住所:埼玉県比企郡越生町西和田24番地・山吹の里歴史公園
遺構:?

県道30号線、越生バイパス沿いにあります。越生駅の東500mにあり、山吹橋の目の前です。越辺川が流れ、越生の町を東から見下ろす要害のイメージもあります。
ここを太田道真、道灌父子が陣城、屋敷として使ったのではないかと思ってしまうのです。

ここを城館跡としてカウントするなって話もあるでしょうが、紹介してしまいます(苦笑)

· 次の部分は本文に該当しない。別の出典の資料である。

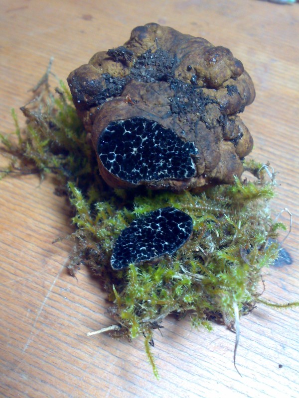 Hallo zusammen, ich hab gestern, ohne danach zu suchen, eine Schleimtrüffel gefunden. Um genau zu sein, bin ich draufgetappt. Sie war zwar unterm Moos versteckt, aber deutlich zu spüren. Fundort war unter einer Sommerlinde neben einem Sportplatz auf Kalk, Hainbuchen stehen auch noch in der Nähe.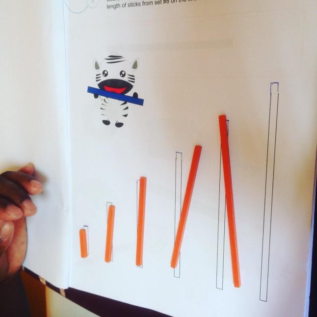 On travaille avec les bâtonnets … sur une fiche Spielgaben … On place les bâtonnets au bon endroit selon leur taille …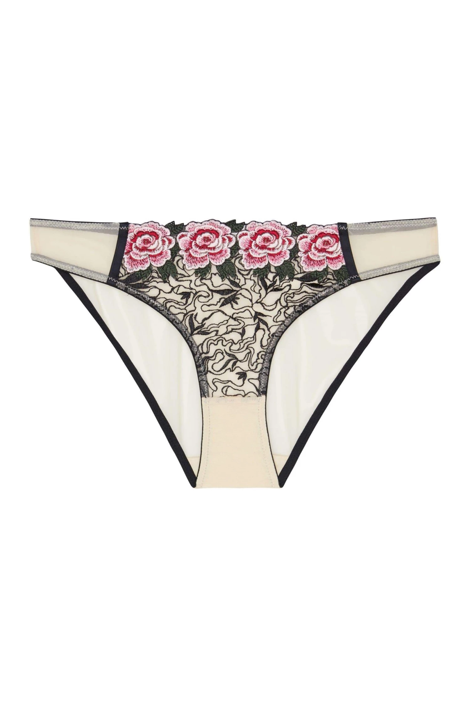 Find yourself in a floral wonderland in the Katy set! Pink roses are embroidered over a cream-coloured mesh, with abstract black embroidery over the centre panel. The sides and back are in sheer mesh to give a cheeky peek of what’s beneath.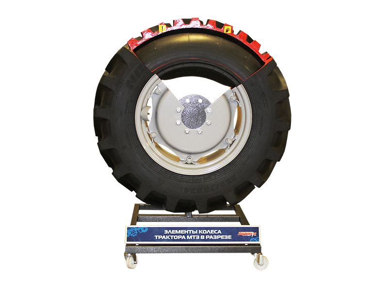 Стенд представляет собой металлическое основание с установленным на поверхности колесом трактора МТЗ в разрезе.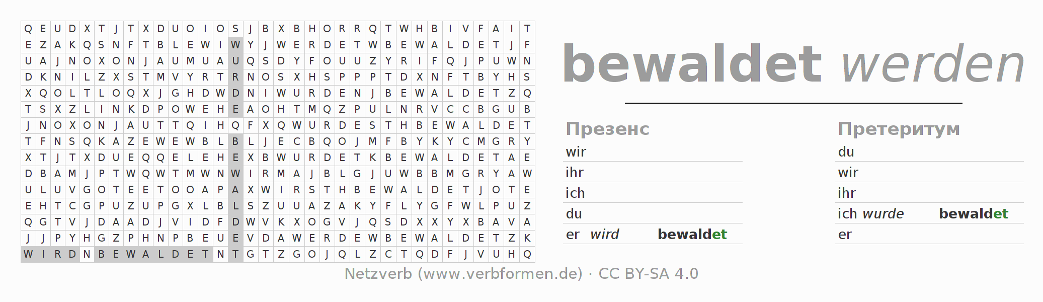 С помощью этих головоломок по поиску слов Вы можете подходящим для Вас способом изучать спряжение немецкого глагола bewalden.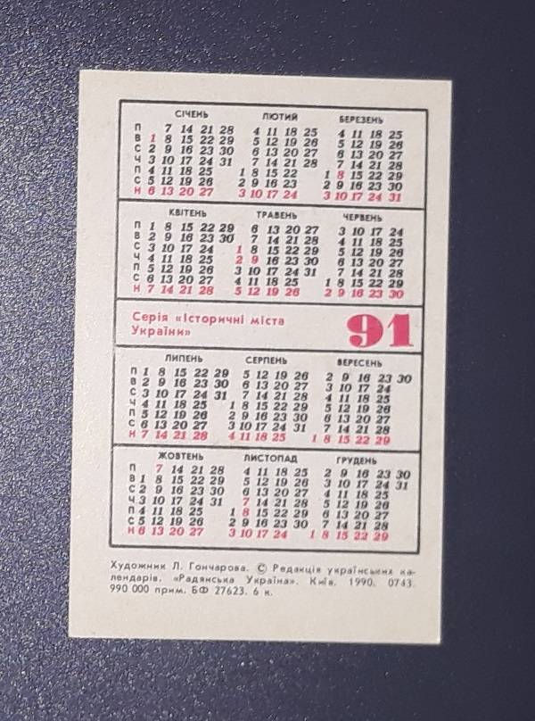 Kalendoriukas CCCP 1991 Lvovas 118 Ukraina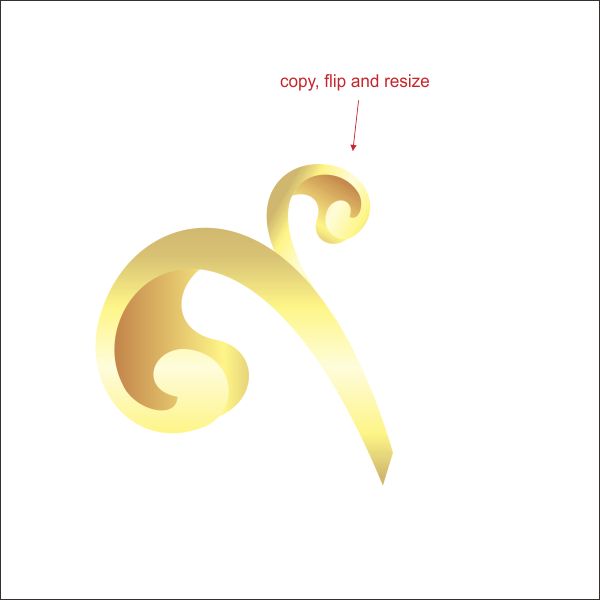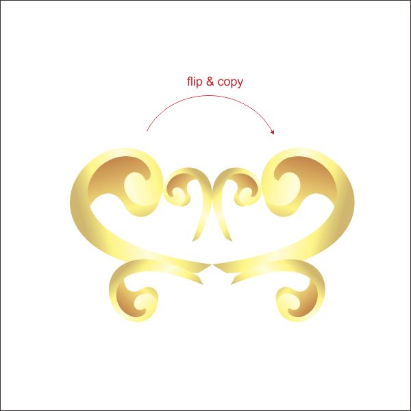 Select the little Golden Accent again, copy, flip and resize it using the same ways as above.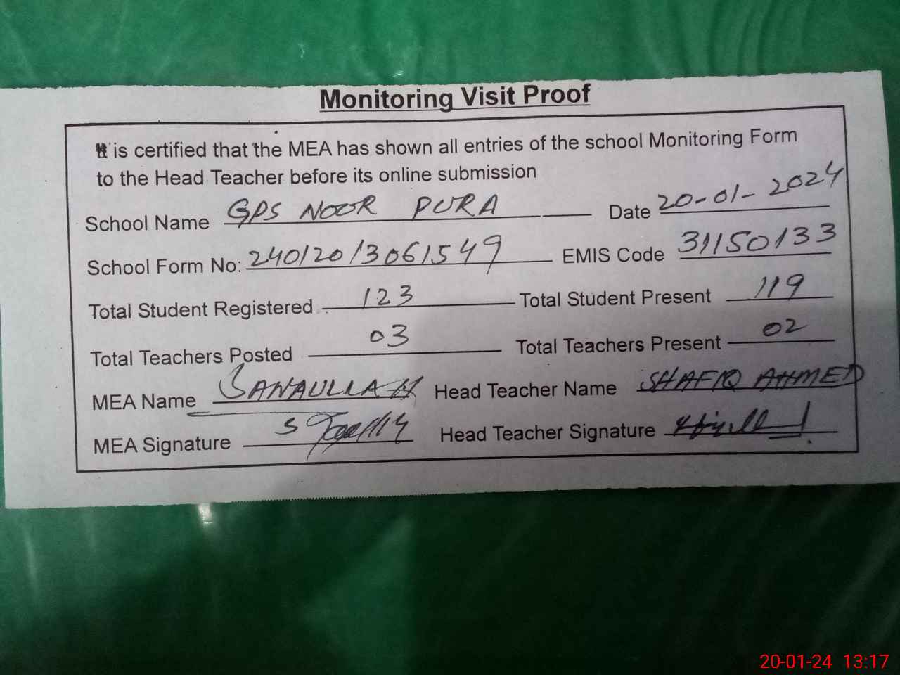 | Attendance Register | Head Teacher | MEA with School | Visit Proof |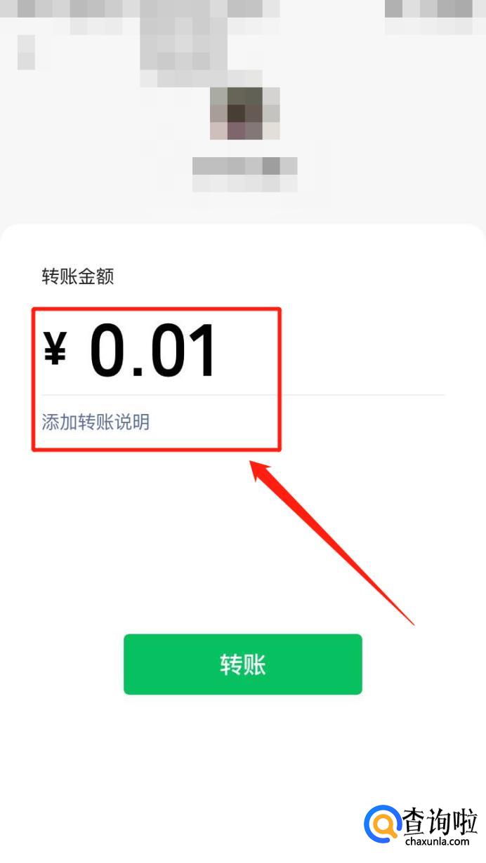 点击两人的对话对话框,找到转账,给对方转账0.01元。数目只是为了测试他是否收到,所以不用太多。

「史跡山吹の里」という巨大標柱がお迎えしてくれます。水車小屋もあって風情あり~。
で、ここは何???と思う方がいると思いますが、まずは案内板で予習を。すぐに理由が分かります。
「伝山吹の里
所在地 越生町西和田
室町時代、太田道灌が川越の領主だった頃の話である。道灌が父の道真を訪ねた折、このあたりでにわか雨にあったので、近くの農家に立寄り蓑を借りようとした。
すると一人の少女が出てきて、だまって山吹きの花をさし出した。
道灌は、山吹きの花にちなんだ古歌、「七重八重 花は咲けども山吹の 実(蓑)の一つだに なきぞ悲しき」が考えつかず、少女の思いが分からずに恥をかき、のち大いに学問にも励み、文武両道を兼ねた名将といわれるようになったのだという。この話は広く知られており、山吹の里と称するゆえんである。
昭和37年に県指定旧跡となっている。
昭和59年3月 
埼玉県」
と記されています。

少女は「後拾遺集」にある兼明親王の古歌を引用したのですね。
七重八重に花は咲いているが、山吹は、実の(蓑)ひとつないのが悲しい・・・
つまり、その女性は蓑も持てない貧しさを言葉に出せず、古歌に託したのです。
ということは・・・ここは「和歌を詠んだ少女の屋敷跡」か!?

水車小屋にはなぜか「太田道灌略系図」が貼り付けられています。センスないな~(苦笑)
でも清和源氏、源経基の末裔だったのですね!

極めつけが「太田道灌時代の関東情勢図」。これは役に立つ!

最後に気になる文が書かれた石碑がありましたので紹介しておきます。
「越生は太田道灌ゆかりの地である。龍ヶ谷の戸神には道灌誕生の地と伝えられる山芝庵跡がある。道灌の父道真が退隠後、居館自得軒を構えた小杉の建康寺周辺には、陣屋、馬場、砦、道灌橋なとの名が遺されている。そして、文明年間に道真と道灌が中興した古刹龍穏寺には、父子の墓がある。
当地山吹の里は、古くから山吹の自生地であり、かつては山吹の古名で呼ばれていた。また報恩寺年譜文明18年の条や、熊野那智大社米良文書に、山吹の姓が見られることから、中世越生郷に武士団児玉党越生氏一族の山吹氏が居たことも知れる。
この史跡が郷土の誇りとして、永く後世に受け継がれることを願い、ここに歌碑を建立する。
越生町教育委員会
越生町観光協会」
越生氏一族の山吹氏とは初耳!
古名から察すると、山吹氏一族の館跡!?!?

実は石碑の裏面が正面です。
「七重八重 花は咲けども山吹の みの一つだに なきぞ悲しき」
の歌が刻まれています。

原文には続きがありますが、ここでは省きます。